The functional half-life of an mRNA depends on the ribosome spacing in an early coding region.

Bacterial mRNAs are translated by closely spaced ribosomes and degraded from the 5'-end, with half-lives of around 2 min at 37 °C in most cases. Ribosome-free or "naked" mRNA is known to be readily degraded, but the initial event that inactivates the mRNA functionally has not been fully described. Here, we characterize a determinant of the functional stability of an mRNA, which is located in the early coding region. Using literature values for the mRNA half-lives of variant lacZ mRNAs in Escherichia coli, we modeled how the ribosome spacing is affected by the translation rate of the individual codons. When comparing the ribosome spacing at various segments of the mRNA to its functional half-life, we found a clear correlation between the functional mRNA half-life and the ribosome spacing in the mRNA region approximately between codon 20 and codon 45. From this finding, we predicted that inserts of slowly translated codons before codon 20 or after codon 45 should shorten or prolong, respectively, the functional mRNA half-life by altering the ribosome density in the important region.
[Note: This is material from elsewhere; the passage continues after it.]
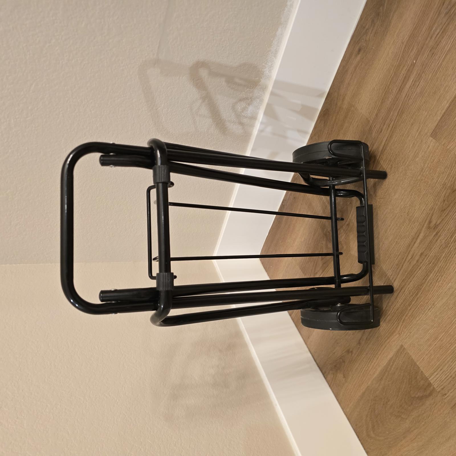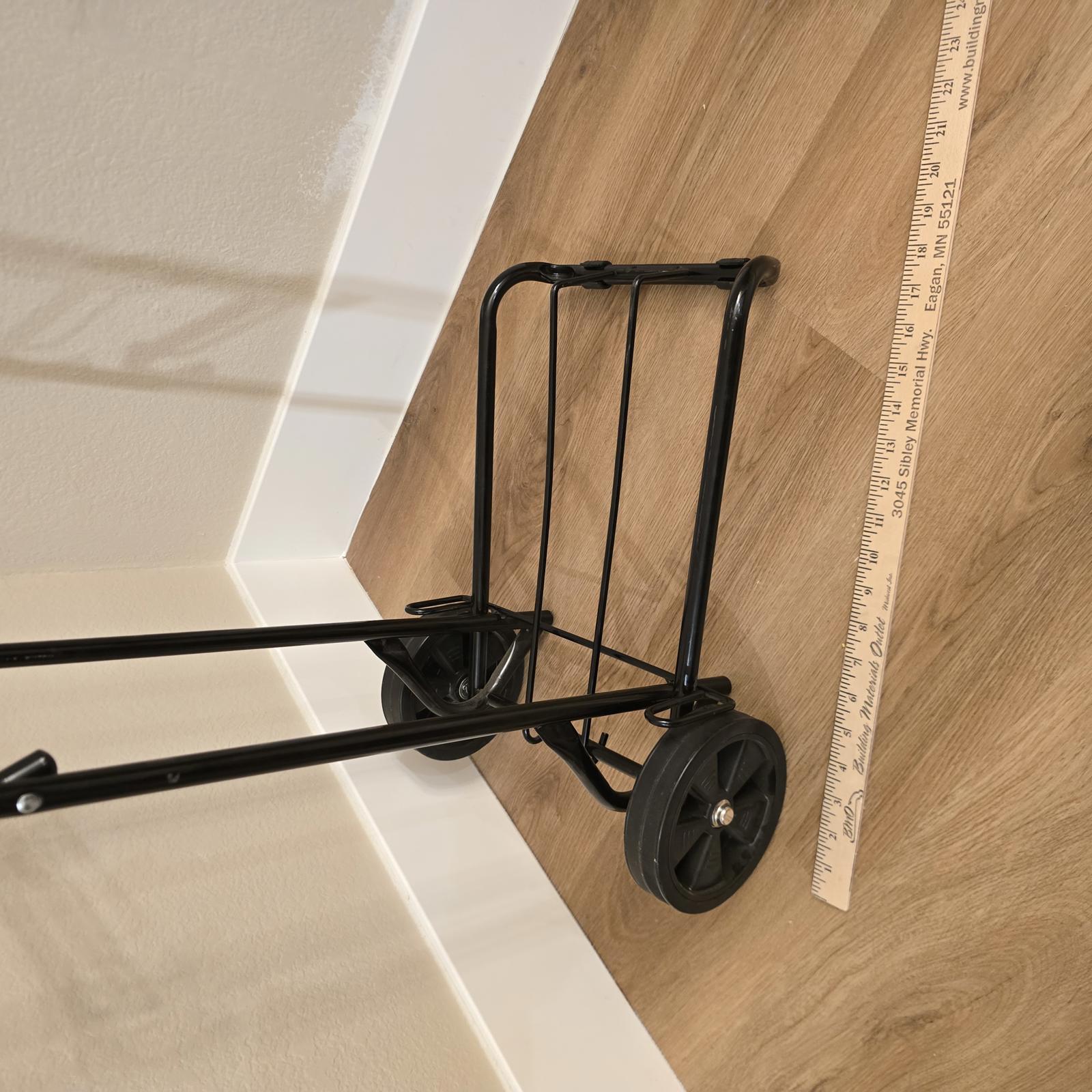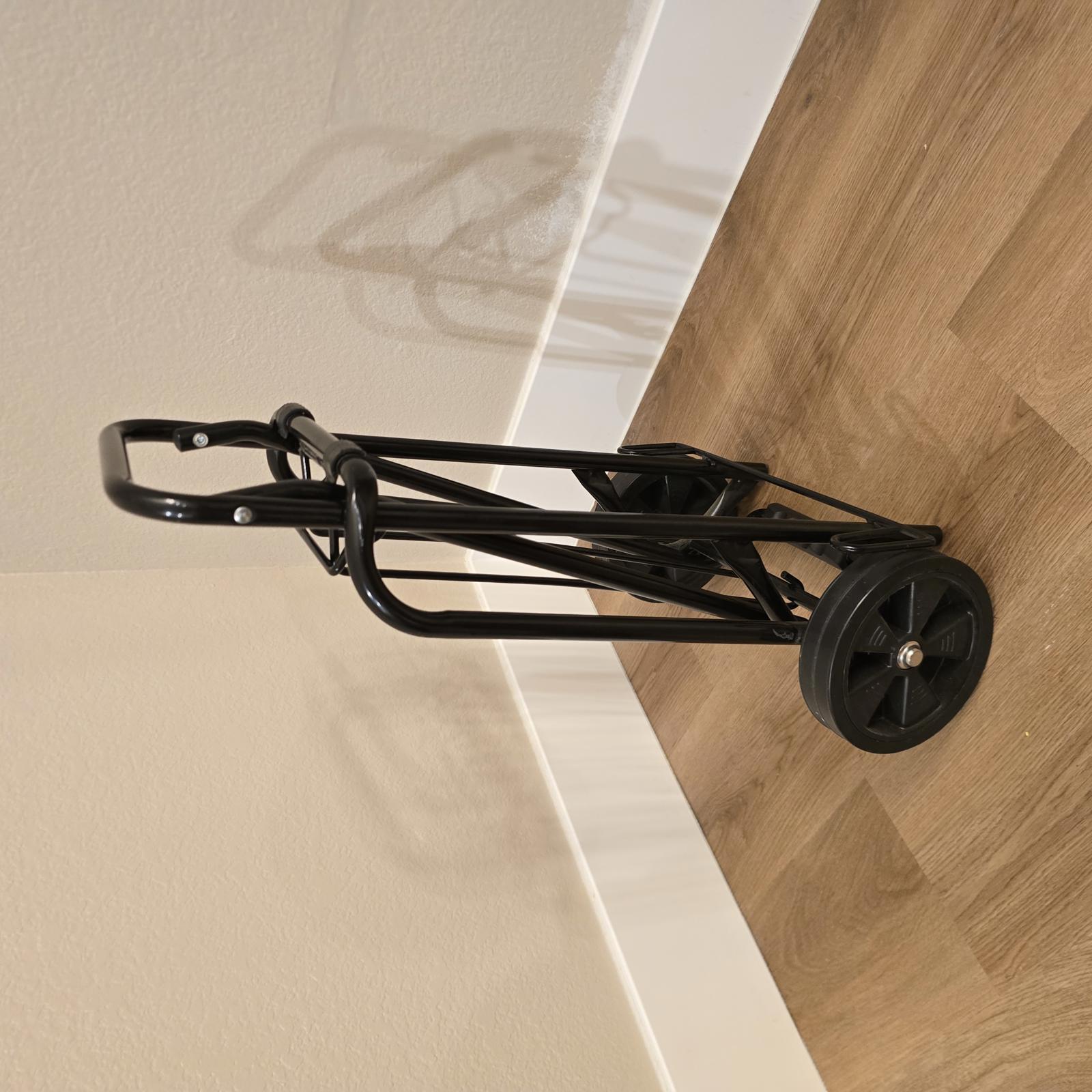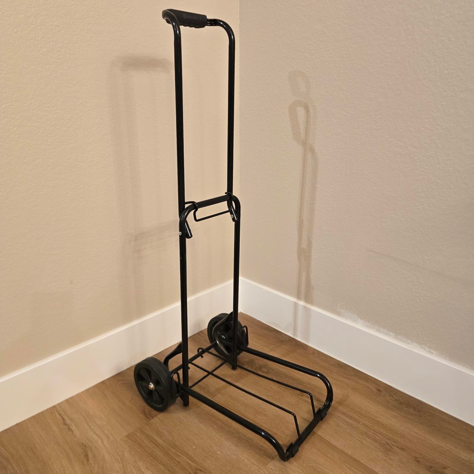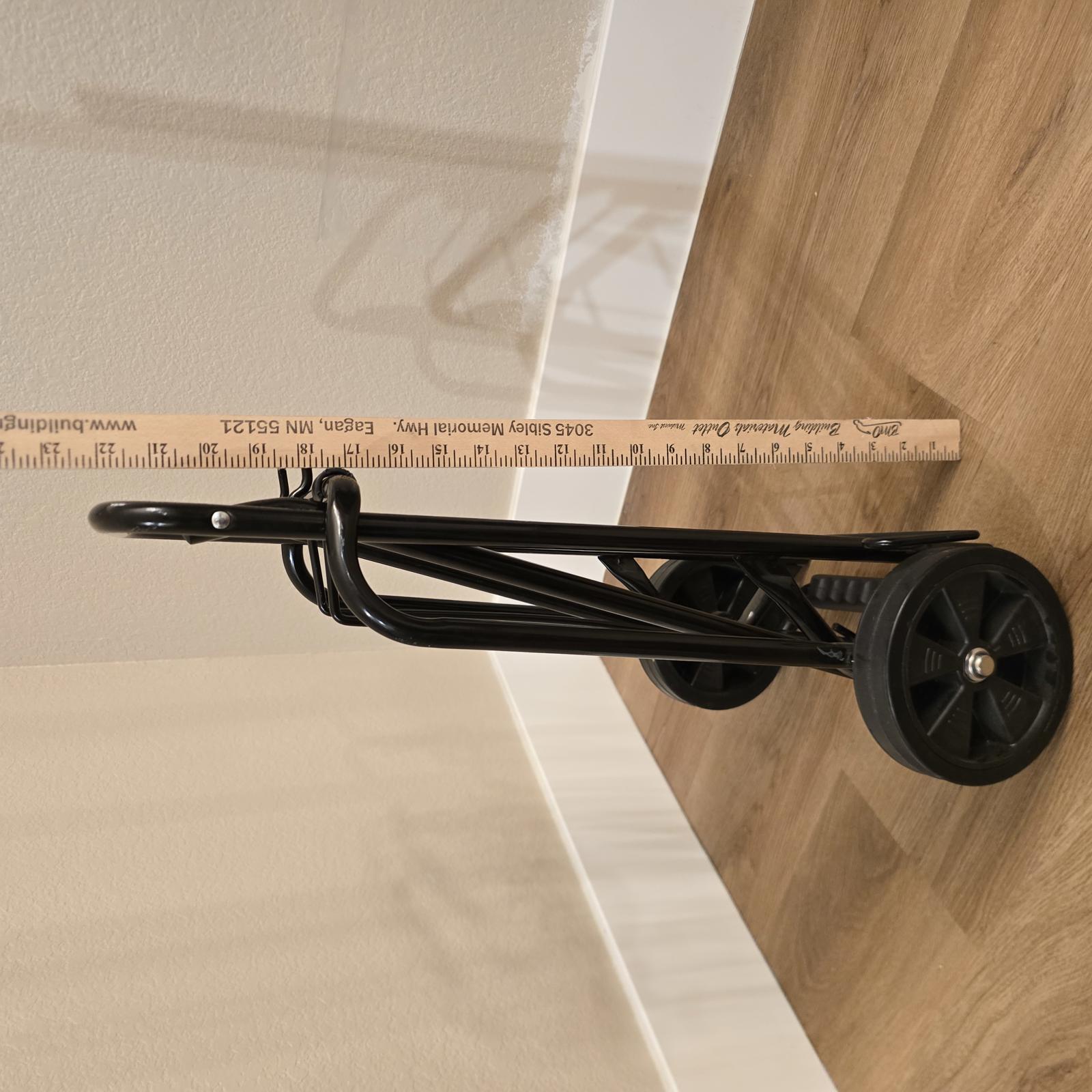 Protege metal folding luggage cart. Weighs 3lbs and has a 75 lb carrying capacity. 39" x 13" with 15" platform
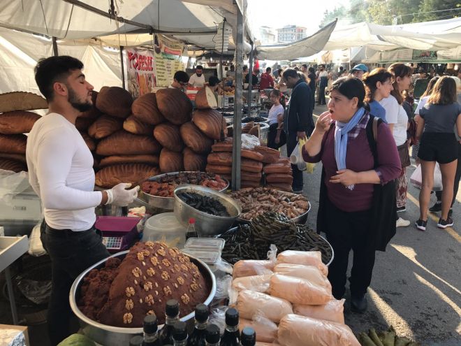 Şenlikte, Antep fıstığı ile yöresel tatlıların olduğu stantların önünde yoğunluk yaşandı.

These predictions were tested on eight new lacZ variants, and their experimentally determined mRNA half-lives all supported the model. We thus suggest that translation-rate-mediated differences in the spacing between ribosomes in this early coding region is a parameter that determines the mRNAs functional half-life. We present a model that is in accordance with many earlier observations and that allows a prediction of the functional half-life of a given mRNA sequence.